▶ _ACTIVITY_
With pictures omitted, output the records below exactly as they appear.

###

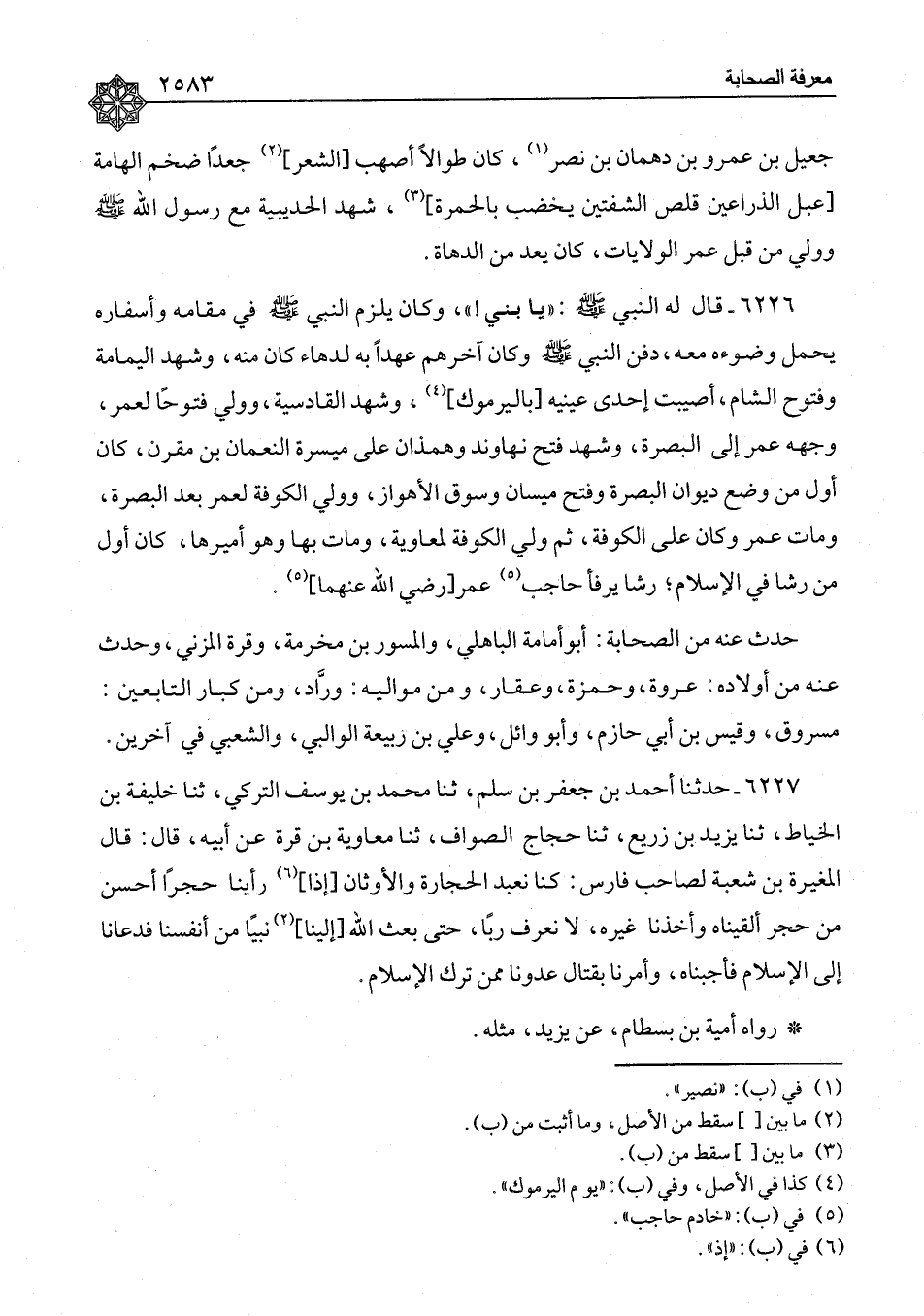 ٦٢٢٧ - حَدَّثَنَا أَحْمَدُ بْنُ جَعْفَرِ بْنِ سَلْمٍ، ثنا مُحَمَّدُ بْنُ يُوسُفَ التُّرْكِيُّ، ثنا خَلِيفَةُ بْنُ الْخَيَّاطِ، ثنا يَزِيدُ بْنُ زُرَيْعٍ، ثنا حَجَّاجٌ الصَّوَّافُ، ثنا مُعَاوِيَةُ بْنُ قُرَّةَ، عَنْ أَبِيهِ، قَالَ: قَالَ الْمُغِيرَةُ بْنُ شُعْبَةَ لِصَاحِبِ فَارِسَ: «كُنَّا نَعْبُدُ الْحِجَارَةَ وَالْأَوْثَانَ , إِذَا رَأَيْنَا حَجَرًا أَحْسَنَ مِنْ حَجَرٍ أَلْقَيْنَاهُ , وَأَخَذْنَا غَيْرَهُ، لَا نَعْرِفُ رَبًّا، حَتَّى بَعَثَ اللهُ إِلَيْنَا نَبِيًّا مِنْ أَنْفُسِنَا , فَدَعَانَا إِلَى الْإِسْلَامِ فَأَجَبْنَاهُ، وَأَمَرَنَا بِقِتَالِ عَدُوِّنَا مِمَّنْ تَرَكَ الْإِسْلَامَ» رَوَاهُ أُمَيَّةُ بْنُ بِسْطَامٍ، عَنْ يَزِيدَ، مِثْلَهُ، ⦗٢٥٨٤⦘ وَرَوَاهُ عَنِ الْمُغِيرَةِ: زِيَادُ بْنُ جُبَيْرِ بْنِ حَيَّةَ، عَنْ أَبِيهِ، عَنِ الْمُغِيرَةِ مِثْلَهُ، وَرَوَى عَنْ أَبِي دَاوُدَ، عَنْ مَسْلَمَةَ، عَنْ دَاوُدَ بْنِ أَبِي هِنْدٍ، عَنِ الشَّعْبِيِّ، عَنْ مُغِيرَةَ
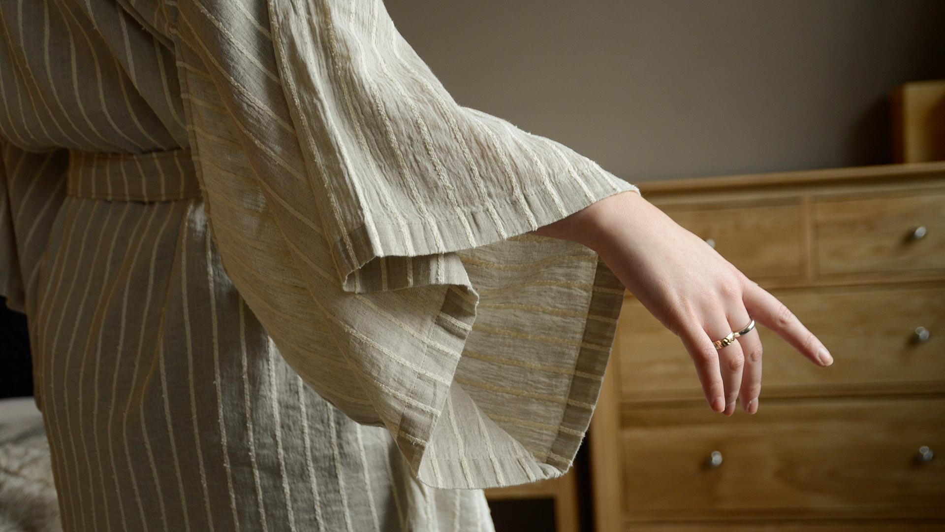 A lightweight linen and cotton blend robe, inspired by the traditional Kimono style. A timeless, light beige shade striped with ivory white. A gentle, relaxed look combined with the elegance of the traditional Kimono.
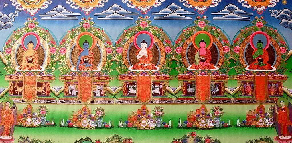 In many wall paintings of the monasteries of Tibetan Buddhism,apart from the historical Buddha, Shakyamuni, you will find images of sets of five Buddhas. They signify a cosmic pattern of the universality of Buddhahood. The five Buddhas are simply Buddha Vairochana or the illuminator in the centre surrounded by Buddha Akshobhya, the Unshakeable, radiant blue in colour Buddha Ratnasambhav, Jewel-born, yellow in colour, who transforms pride into the wisdom of equanimity Buddha Amitabha, Infinite Light, red in colour, the Buddha of love and compassion and Buddha Amoghasiddhi, green in colour, associated with fearlessness. The Pancha Tathagata form the basis of the ordering of all Buddhist deities according to tantric system. All other deities, Bodhisattvas, wrathful gods etc, fall under one or the other of 5 families orkula, headed by one of the 5 Buddhas.
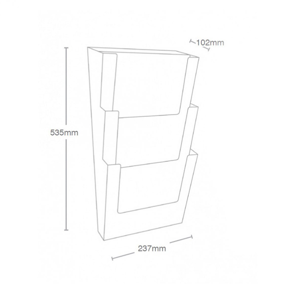 Porta depliant da parete in styrene trasparente a 3 tasche in linea formato A4.
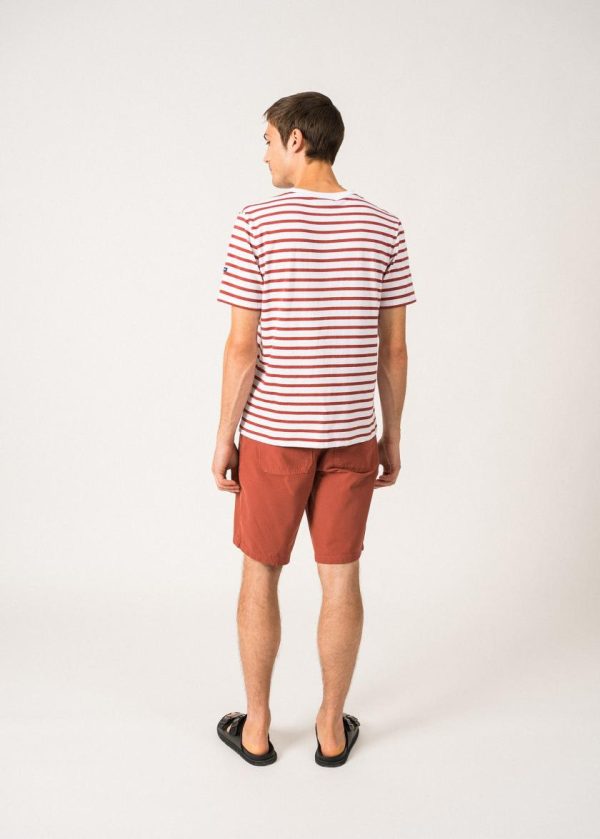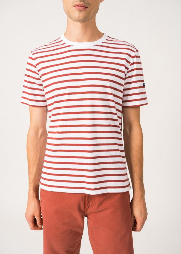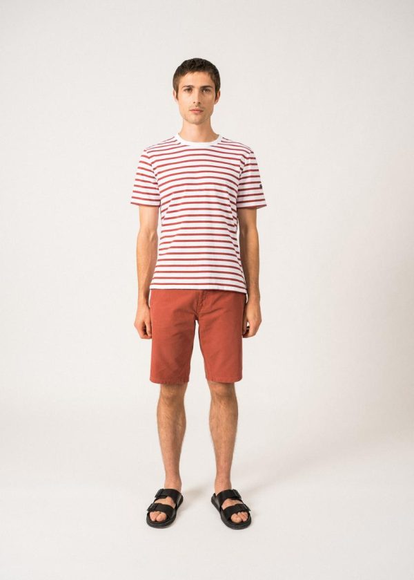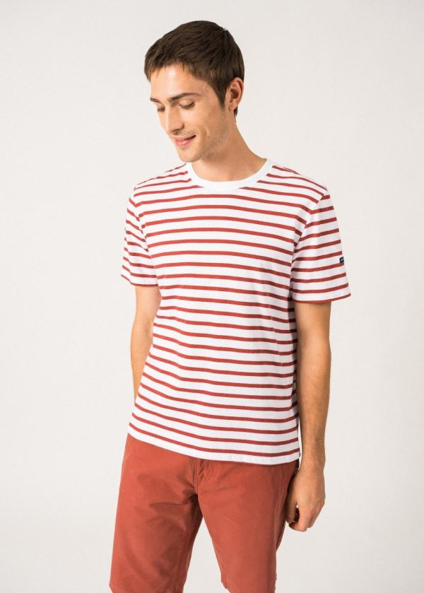 Marinières | T-shirt Marinière Plouider à Manches Courtes, En Coton Léger NEIGE/TERRACOTA | Saint James Homme
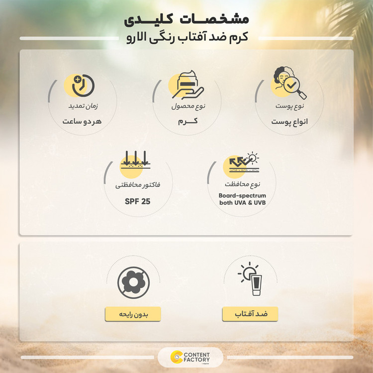 کرم ضدآفتاب الارو، با تنالیته رنگ متوسط و با فرمولاسیونی منحصربهفرد، انتخابی ایدهآل برای بانوانی است که به دنبال محافظت کامل از پوست صورت خود در برابر اشعههای مضر خورشید هستند. این کرم با SPF 25 به طور مؤثر از پوست در برابر اشعههای UVA و UVB محافظت میکند و با رنگ ملایم خود، جلوهای طبیعی و زیبا به پوست میبخشد. با حجم 40 میلیلیتر، این محصول مناسب برای همه انواع پوستها طراحی شده و به راحتی بر روی پوست پخش میشود، بدون اینکه احساس سنگینی یا چربی روی پوست ایجاد کند. الارو با این کرم ضدآفتاب، تجربهای از محافظت و زیبایی را همزمان به شما ارائه میدهد. این محصول با ماندگاری دو ساعته خود، برای استفاده روزانه ایدهآل است و میتواند به عنوان پایهای مناسب برای آرایش روزانه شما عمل کند. ویژگی ظاهری رنگی آن، علاوه بر محافظت از پوست، به شما کمک میکند تا به راحتی نقاطی که نیاز به پوشش دارند را ببینید و با یکدست کردن رنگ پوست، جلوهای طبیعی به آن ببخشید. این ضدآفتاب، بهترین انتخاب برای بانوانی است که به دنبال ترکیبی از زیبایی و محافظت هستند.

###

▶ _YOUR SOLUTION_
 ٦٢٢٧ - حَدَّثَنَا أَحْمَدُ بْنُ جَعْفَرِ بْنِ سَلْمٍ، ثنا مُحَمَّدُ بْنُ يُوسُفَ التُّرْكِيُّ، ثنا خَلِيفَةُ بْنُ الْخَيَّاطِ، ثنا يَزِيدُ بْنُ زُرَيْعٍ، ثنا حَجَّاجٌ الصَّوَّافُ، ثنا مُعَاوِيَةُ بْنُ قُرَّةَ، عَنْ أَبِيهِ، قَالَ: قَالَ الْمُغِيرَةُ بْنُ شُعْبَةَ لِصَاحِبِ فَارِسَ: «كُنَّا نَعْبُدُ الْحِجَارَةَ وَالْأَوْثَانَ , إِذَا رَأَيْنَا حَجَرًا أَحْسَنَ مِنْ حَجَرٍ أَلْقَيْنَاهُ , وَأَخَذْنَا غَيْرَهُ، لَا نَعْرِفُ رَبًّا، حَتَّى بَعَثَ اللهُ إِلَيْنَا نَبِيًّا مِنْ أَنْفُسِنَا , فَدَعَانَا إِلَى الْإِسْلَامِ فَأَجَبْنَاهُ، وَأَمَرَنَا بِقِتَالِ عَدُوِّنَا مِمَّنْ تَرَكَ الْإِسْلَامَ» رَوَاهُ أُمَيَّةُ بْنُ بِسْطَامٍ، عَنْ يَزِيدَ، مِثْلَهُ، ⦗٢٥٨٤⦘ وَرَوَاهُ عَنِ الْمُغِيرَةِ: زِيَادُ بْنُ جُبَيْرِ بْنِ حَيَّةَ، عَنْ أَبِيهِ، عَنِ الْمُغِيرَةِ مِثْلَهُ، وَرَوَى عَنْ أَبِي دَاوُدَ، عَنْ مَسْلَمَةَ، عَنْ دَاوُدَ بْنِ أَبِي هِنْدٍ، عَنِ الشَّعْبِيِّ، عَنْ مُغِيرَةَ
 A lightweight linen and cotton blend robe, inspired by the traditional Kimono style. A timeless, light beige shade striped with ivory white. A gentle, relaxed look combined with the elegance of the traditional Kimono.
 In many wall paintings of the monasteries of Tibetan Buddhism,apart from the historical Buddha, Shakyamuni, you will find images of sets of five Buddhas. They signify a cosmic pattern of the universality of Buddhahood. The five Buddhas are simply Buddha Vairochana or the illuminator in the centre surrounded by Buddha Akshobhya, the Unshakeable, radiant blue in colour Buddha Ratnasambhav, Jewel-born, yellow in colour, who transforms pride into the wisdom of equanimity Buddha Amitabha, Infinite Light, red in colour, the Buddha of love and compassion and Buddha Amoghasiddhi, green in colour, associated with fearlessness. The Pancha Tathagata form the basis of the ordering of all Buddhist deities according to tantric system. All other deities, Bodhisattvas, wrathful gods etc, fall under one or the other of 5 families orkula, headed by one of the 5 Buddhas.
 Porta depliant da parete in styrene trasparente a 3 tasche in linea formato A4.
 Marinières | T-shirt Marinière Plouider à Manches Courtes, En Coton Léger NEIGE/TERRACOTA | Saint James Homme
 کرم ضدآفتاب الارو، با تنالیته رنگ متوسط و با فرمولاسیونی منحصربهفرد، انتخابی ایدهآل برای بانوانی است که به دنبال محافظت کامل از پوست صورت خود در برابر اشعههای مضر خورشید هستند. این کرم با SPF 25 به طور مؤثر از پوست در برابر اشعههای UVA و UVB محافظت میکند و با رنگ ملایم خود، جلوهای طبیعی و زیبا به پوست میبخشد. با حجم 40 میلیلیتر، این محصول مناسب برای همه انواع پوستها طراحی شده و به راحتی بر روی پوست پخش میشود، بدون اینکه احساس سنگینی یا چربی روی پوست ایجاد کند. الارو با این کرم ضدآفتاب، تجربهای از محافظت و زیبایی را همزمان به شما ارائه میدهد. این محصول با ماندگاری دو ساعته خود، برای استفاده روزانه ایدهآل است و میتواند به عنوان پایهای مناسب برای آرایش روزانه شما عمل کند. ویژگی ظاهری رنگی آن، علاوه بر محافظت از پوست، به شما کمک میکند تا به راحتی نقاطی که نیاز به پوشش دارند را ببینید و با یکدست کردن رنگ پوست، جلوهای طبیعی به آن ببخشید. این ضدآفتاب، بهترین انتخاب برای بانوانی است که به دنبال ترکیبی از زیبایی و محافظت هستند.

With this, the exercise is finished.